SUPPLIED INFORMATION below:

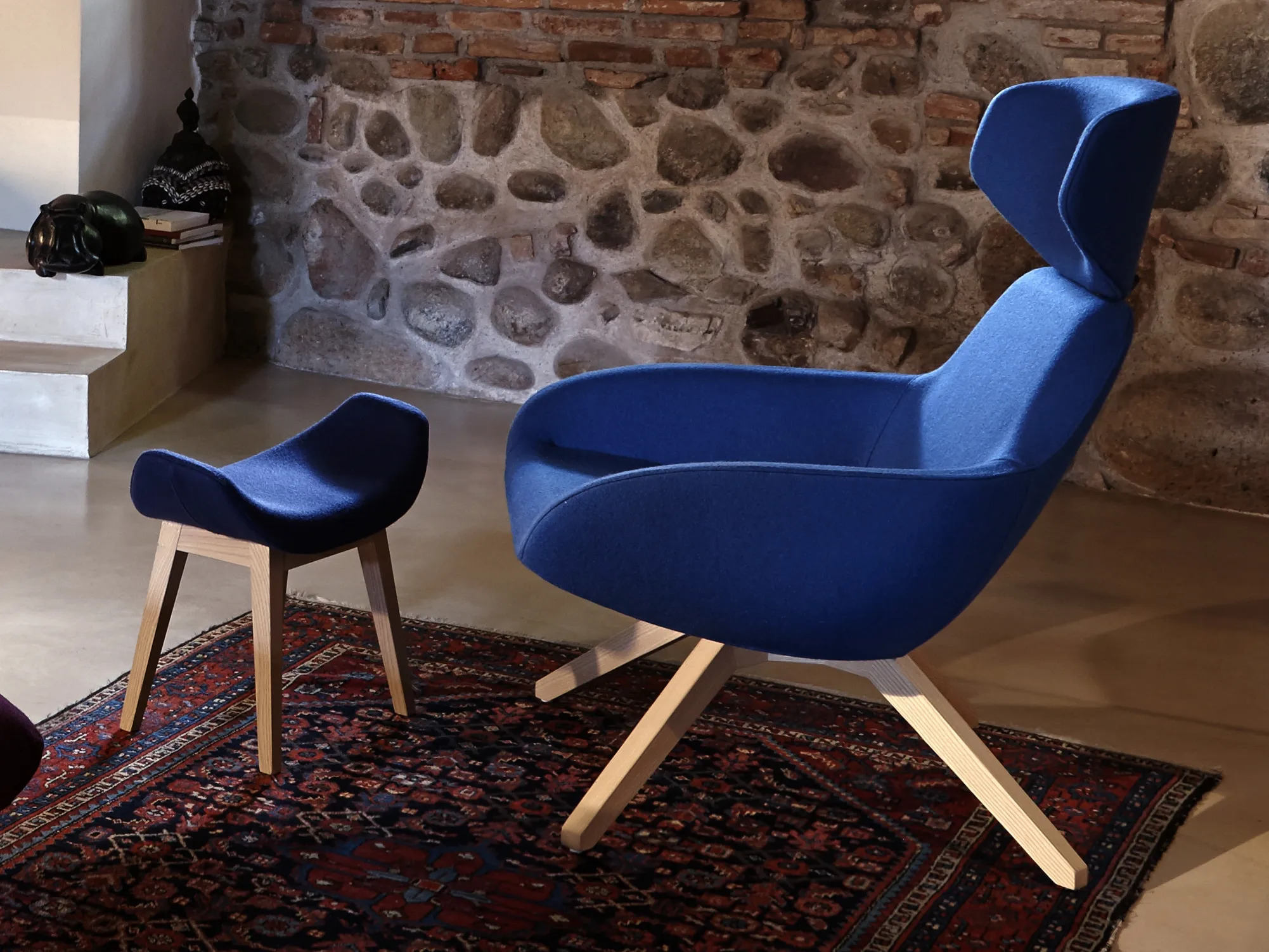 The X Big Foot by Alma Design, launched in 2015, is a versatile fabric footstool designed to complement the X Big and X 2Big armchairs. Its concave and enveloping shapes create a cohesive aesthetic, ideal for modern lounge furniture settings. This piece is lightweight and elegant, featuring a thin yet comfortable padding that enhances its ergonomic design. Suitable for hotels, cafés, lounges, and waiting rooms, it seamlessly integrates with luxury sofas and armchairs, offering a comfortable seating solution. The X Big Foot is also an excellent choice for residential interior designers seeking compact furniture for small spaces. Its customizable upholstery options allow it to fit effortlessly into various modular sofa arrangements, making it a practical addition to any sophisticated environment.
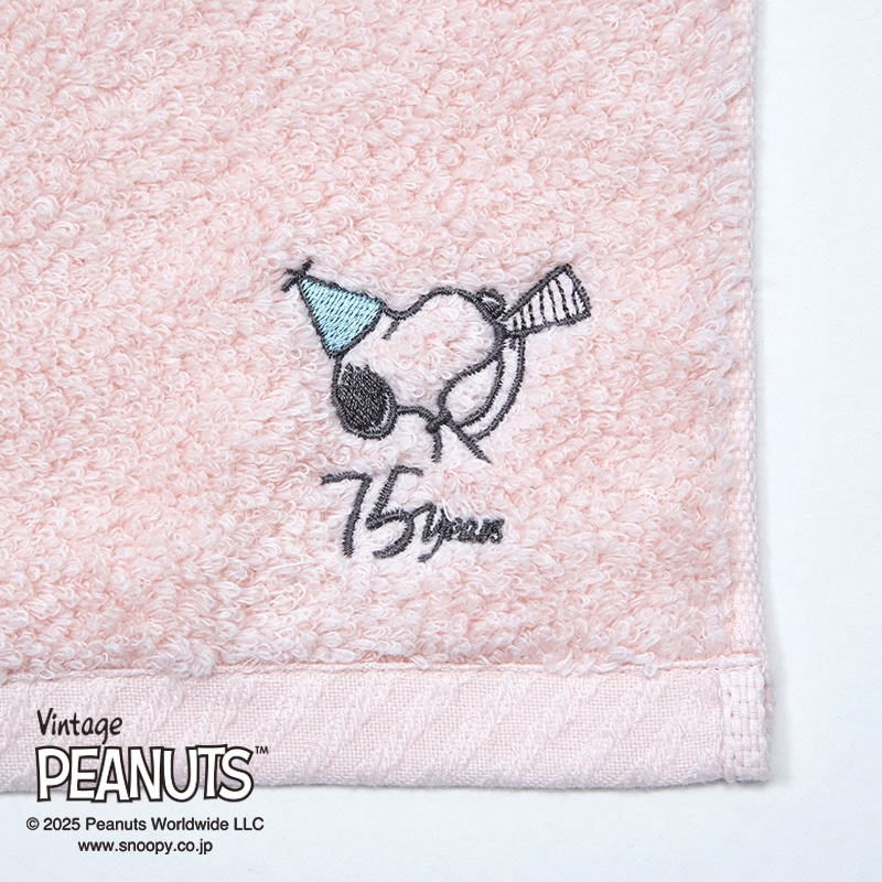 PEANUTSコミック誕生75周年を記念したアニバーサリーデザインの刺しゅう入り。【ふんわり軽いやわらかさの『かるわた』】
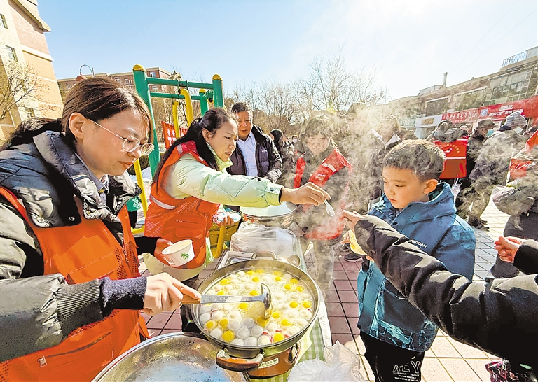 2月10日,银川市兴庆区银古路街道景湖社区、福园社区新时代文明实践站邀请辖区共建单位代表、退休党员、居民、青少年志愿者,举办2025年“‘团’聚元宵‘圆’聚邻里”主题活动,一起包元宵、话传统、猜灯谜,品味民俗风情。 本报记者 马楠 马丽 实习生 孙莎莎 摄

End of SUPPLIED INFORMATION.

REQUIRED WORK » Nothing but an exact copy of the data above, minus its pictures, should appear in the response.

ANSWER TO THIS PROBLEM »
 The X Big Foot by Alma Design, launched in 2015, is a versatile fabric footstool designed to complement the X Big and X 2Big armchairs. Its concave and enveloping shapes create a cohesive aesthetic, ideal for modern lounge furniture settings. This piece is lightweight and elegant, featuring a thin yet comfortable padding that enhances its ergonomic design. Suitable for hotels, cafés, lounges, and waiting rooms, it seamlessly integrates with luxury sofas and armchairs, offering a comfortable seating solution. The X Big Foot is also an excellent choice for residential interior designers seeking compact furniture for small spaces. Its customizable upholstery options allow it to fit effortlessly into various modular sofa arrangements, making it a practical addition to any sophisticated environment.
 PEANUTSコミック誕生75周年を記念したアニバーサリーデザインの刺しゅう入り。【ふんわり軽いやわらかさの『かるわた』】
 2月10日,银川市兴庆区银古路街道景湖社区、福园社区新时代文明实践站邀请辖区共建单位代表、退休党员、居民、青少年志愿者,举办2025年“‘团’聚元宵‘圆’聚邻里”主题活动,一起包元宵、话传统、猜灯谜,品味民俗风情。 本报记者 马楠 马丽 实习生 孙莎莎 摄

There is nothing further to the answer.